PROBLEM DESCRIPTION - Print, exactly as written, every line from the first line of the records below through the line containing "Lejligheden på 100", and nothing further.

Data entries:
********************
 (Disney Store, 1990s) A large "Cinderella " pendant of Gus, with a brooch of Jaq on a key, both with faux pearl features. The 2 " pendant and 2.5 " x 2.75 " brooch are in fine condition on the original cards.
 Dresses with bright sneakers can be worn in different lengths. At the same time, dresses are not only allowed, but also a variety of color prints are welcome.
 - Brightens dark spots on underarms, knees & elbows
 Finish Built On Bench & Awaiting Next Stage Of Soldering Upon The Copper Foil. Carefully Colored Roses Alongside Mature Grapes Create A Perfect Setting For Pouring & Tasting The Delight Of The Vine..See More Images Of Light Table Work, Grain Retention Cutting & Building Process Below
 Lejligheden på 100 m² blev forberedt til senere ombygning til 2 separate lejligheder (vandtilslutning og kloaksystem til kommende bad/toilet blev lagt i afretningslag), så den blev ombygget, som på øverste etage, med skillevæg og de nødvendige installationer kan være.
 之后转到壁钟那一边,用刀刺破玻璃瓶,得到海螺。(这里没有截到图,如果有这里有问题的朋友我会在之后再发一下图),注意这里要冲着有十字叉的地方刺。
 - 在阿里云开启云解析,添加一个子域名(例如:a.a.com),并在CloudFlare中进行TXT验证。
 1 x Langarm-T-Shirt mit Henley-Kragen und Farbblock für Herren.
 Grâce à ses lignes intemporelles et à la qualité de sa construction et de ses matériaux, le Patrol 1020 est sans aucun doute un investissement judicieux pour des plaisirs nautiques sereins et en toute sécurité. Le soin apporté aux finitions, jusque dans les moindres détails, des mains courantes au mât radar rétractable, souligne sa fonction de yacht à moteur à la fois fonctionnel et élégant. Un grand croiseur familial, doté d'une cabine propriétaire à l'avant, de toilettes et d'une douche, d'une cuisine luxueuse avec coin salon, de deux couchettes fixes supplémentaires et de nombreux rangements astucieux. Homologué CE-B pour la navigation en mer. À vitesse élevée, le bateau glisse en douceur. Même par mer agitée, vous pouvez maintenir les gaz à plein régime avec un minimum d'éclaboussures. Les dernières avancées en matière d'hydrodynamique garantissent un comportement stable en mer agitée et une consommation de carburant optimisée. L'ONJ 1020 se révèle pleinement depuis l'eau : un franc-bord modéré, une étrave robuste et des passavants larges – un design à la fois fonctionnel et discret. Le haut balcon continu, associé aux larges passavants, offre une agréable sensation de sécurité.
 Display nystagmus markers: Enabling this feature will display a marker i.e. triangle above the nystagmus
********************
TASK OUTPUT -
 (Disney Store, 1990s) A large "Cinderella " pendant of Gus, with a brooch of Jaq on a key, both with faux pearl features. The 2 " pendant and 2.5 " x 2.75 " brooch are in fine condition on the original cards.
 Dresses with bright sneakers can be worn in different lengths. At the same time, dresses are not only allowed, but also a variety of color prints are welcome.
 - Brightens dark spots on underarms, knees & elbows
 Finish Built On Bench & Awaiting Next Stage Of Soldering Upon The Copper Foil. Carefully Colored Roses Alongside Mature Grapes Create A Perfect Setting For Pouring & Tasting The Delight Of The Vine..See More Images Of Light Table Work, Grain Retention Cutting & Building Process Below
 Lejligheden på 100 m² blev forberedt til senere ombygning til 2 separate lejligheder (vandtilslutning og kloaksystem til kommende bad/toilet blev lagt i afretningslag), så den blev ombygget, som på øverste etage, med skillevæg og de nødvendige installationer kan være.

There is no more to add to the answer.